• Task to carry out:
Every entry must reappear in your answer exactly as written, though its pictures must not.
**** Record extracts
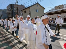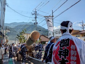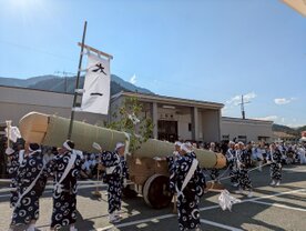 午後は祭典の習礼の後、神青会関係者も法被と鉢巻を身に纏い、御木曳行事に参加しました。私たちが参加したのは午後三時頃と、とても日差しが強く、気温も高い中でしたが、地元の若連中の皆さんの木遣り唄と掛け声に合わせ、誰一人欠けることなく曳行行事を奉仕することができました。奉仕させて頂いたことは勿論のこと、御料木となる御神木を間近に見られる経験というのは滅多にないことであり、本当に貴重な体験をさせて頂いたと思います。
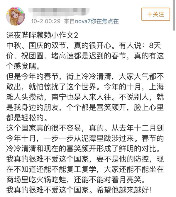 正如網(wǎng)友所說:“這個(gè)國(guó)家,真的很不容易?!钡舱且?yàn)樵?jīng)的艱難,才讓所有經(jīng)歷過那些驚惶、擔(dān)憂、迷茫的人,在重回平靜的生活后,會(huì)倍感山川清秀、歲月溫柔,那之前被按下暫停鍵的團(tuán)圓飯、那口早就該喝下的老燒酒、還有那個(gè)欠下好久的擁抱,都會(huì)帶給人更強(qiáng)烈的幸福。
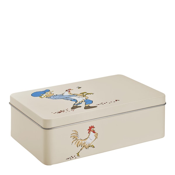 Emil i Lönneberga plåtburk 18x12 cm Cluck Cluck, från Muurla. Emil, den busiga och charmiga pojken från Astrid Lindgrens älskade böcker, pryder denna plåtask, Cluck Cluck, där han leker med hönsen på Katthults gård. Undrar du om hönorna också är lekfulla? Denna plåtask med lock är perfekt för att organisera små skatter och prydnadssaker i barnrummet, på skrivbordet, köksbänken eller var som helst – den ger extra förvaring där det behövs.
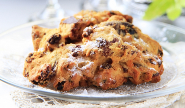 Стафидите се смесват със ситно нарязаните кайсии и тиква. От брашното се отделят две супени лъжици. Останалата част от брашното се смесва със солта, содата и омекналото масло. Добавя се сметаната и се...
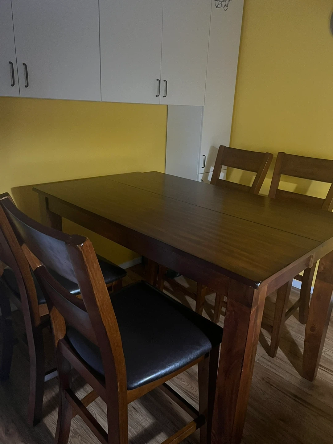 Selling a dining table with four chairs! The set is made of solid wood with a dark finish. It's perfect for a dining area or kitchen. The high chairs have black seats, which are easy to clean. It is in good condition and ready for a new home!
********
• Result of the exercise:
 午後は祭典の習礼の後、神青会関係者も法被と鉢巻を身に纏い、御木曳行事に参加しました。私たちが参加したのは午後三時頃と、とても日差しが強く、気温も高い中でしたが、地元の若連中の皆さんの木遣り唄と掛け声に合わせ、誰一人欠けることなく曳行行事を奉仕することができました。奉仕させて頂いたことは勿論のこと、御料木となる御神木を間近に見られる経験というのは滅多にないことであり、本当に貴重な体験をさせて頂いたと思います。
 正如網(wǎng)友所說:“這個(gè)國(guó)家,真的很不容易?!钡舱且?yàn)樵?jīng)的艱難,才讓所有經(jīng)歷過那些驚惶、擔(dān)憂、迷茫的人,在重回平靜的生活后,會(huì)倍感山川清秀、歲月溫柔,那之前被按下暫停鍵的團(tuán)圓飯、那口早就該喝下的老燒酒、還有那個(gè)欠下好久的擁抱,都會(huì)帶給人更強(qiáng)烈的幸福。
 Emil i Lönneberga plåtburk 18x12 cm Cluck Cluck, från Muurla. Emil, den busiga och charmiga pojken från Astrid Lindgrens älskade böcker, pryder denna plåtask, Cluck Cluck, där han leker med hönsen på Katthults gård. Undrar du om hönorna också är lekfulla? Denna plåtask med lock är perfekt för att organisera små skatter och prydnadssaker i barnrummet, på skrivbordet, köksbänken eller var som helst – den ger extra förvaring där det behövs.
 Стафидите се смесват със ситно нарязаните кайсии и тиква. От брашното се отделят две супени лъжици. Останалата част от брашното се смесва със солта, содата и омекналото масло. Добавя се сметаната и се...
 Selling a dining table with four chairs! The set is made of solid wood with a dark finish. It's perfect for a dining area or kitchen. The high chairs have black seats, which are easy to clean. It is in good condition and ready for a new home!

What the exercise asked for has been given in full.